Diane Vaughan Professor of Sociology, Columbia University; Author, Dead Reckoning: Air Traffic Control, System Effects, and Risk
Diane Vaughan received her Ph.D. in Sociology, Ohio State University, 1979, and taught at Boston College from 1984 to 2005. During this time, she was awarded fellowships at Yale, the Centre for Socio-Legal Studies at Oxford, the American Bar Foundation, the Institute for Advanced Study at Princeton, the John Simon Guggenheim Memorial Foundation, and the ASA award for Public Understanding of Sociology. She came to Columbia in 2005.
Influenced by Simmel’s work on social forms as a graduate student, she has developed analogical theorizing: a method of developing general theoretical explanations by cross-case comparison of similar events, activities or phenomena across different organizational forms. Since then, she has written three books on how things go wrong in organizations: Controlling Unlawful Organizational Behavior, Uncoupling, and The Challenger Launch Decision. The fourth book in the project, Dead Reckoning: Air Traffic Control, System Effects, and Risk (August 2021) is her negative case, looking at how the air traffic control system gets it (mostly) right.

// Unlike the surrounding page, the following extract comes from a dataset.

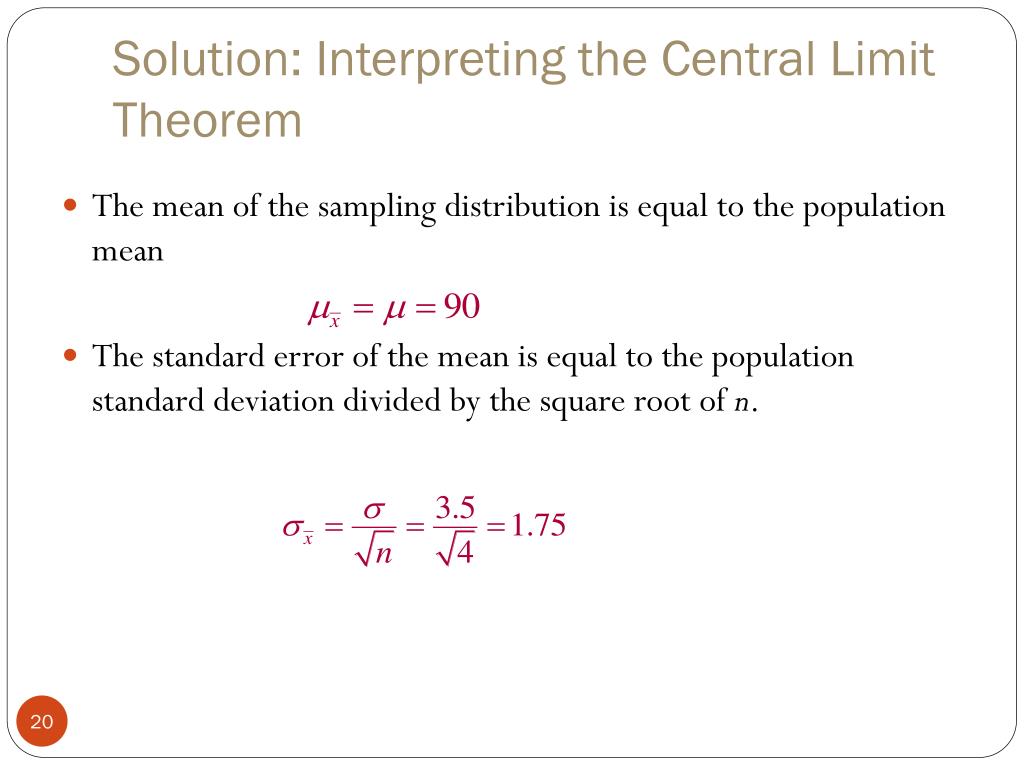 Solution: Interpreting the Central Limit Theorem • The mean of the sampling distribution is equal to the population mean • The standard error of the mean is equal to the population standard deviation divided by the square root of n.

Challenger and Dead Reckoning are both historical ethnographies that explore the production of scientific and technical knowledge in complex socio-technical systems across time and social space. Her theoretical framing examines the link between institutions, organizations, culture, and cognition: how events in the institutional environment - historical, political, economic, cultural – affect organizations, changing them, and how, in turn those changes affect the architecture, technology, and culture of the workplace and so the cognition of the people who work there. Next, she will complete Theorizing: Analogy, Cases, and Comparative Social Organization.